Latest IPCC Report highlights need for more talk about consumers
Yesterday the Intergovernmental Panel on Climate Change (IPCC) released the third part of its sixth comprehensive assessment of climate science, warning that the world is not shifting quickly enough to a low-carbon economy.
The report acknowledges the powerful role consumers can play in mitigating climate change. This is welcome; for the first time, the IPCC have assessed the potential of "demand-side strategies" which could reduce greenhouse gas emissions by 40-70% by 2050. In practice, this translates to consumers everywhere making changes to how they travel, how they heat, cool and power their homes, the food they eat, and the products they buy.
However, consumers will only be able to make these changes if supported by structural shifts and ambitious political action. This must also be done fairly, or it has the potential to disrupt social cohesion and lead to the rejection of mitigation approaches.
The involvement of consumer organisations in decision-making, alongside other relevant actors, will be key to help to build consumer trust and strengthen support for the transformational changes we need to make.

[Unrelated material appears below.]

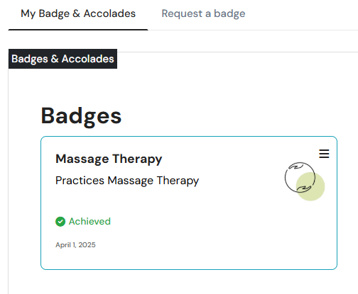 Badges are the various medical and therapeutic modalities that providers hold on the Materia+ Marketplace.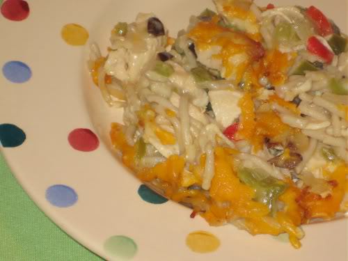 Ok, while I admit that I’ve never heard of Chicken Spaghetti, I have to say that it sounds almost exactly like Turkey ala King, which would make this Chicken ala King, I suppose. 🙂 But, otherwise, the flavors sound very very similar. And tasty.

Our Call to Action released last year at COP26 clearly emphasised how such trust can be built. This focussed on obtaining government commitment to create an enabling environment for rapid consumer behaviour change, a ‘consumer fairness test’ for climate policies, and the expansion and deepening of consumer representation and participation in decision-making.
In 1999 and 2015 Consumers International was successful in campaigning to update the United Nations Guidelines for Consumer Protection to progressively incorporate sustainability. We stand ready to build on this and other achievements, working with all relevant parties to realise the solutions put forward in the IPCC report. Together, we can deliver the urgent action needed to enable a just and green transition.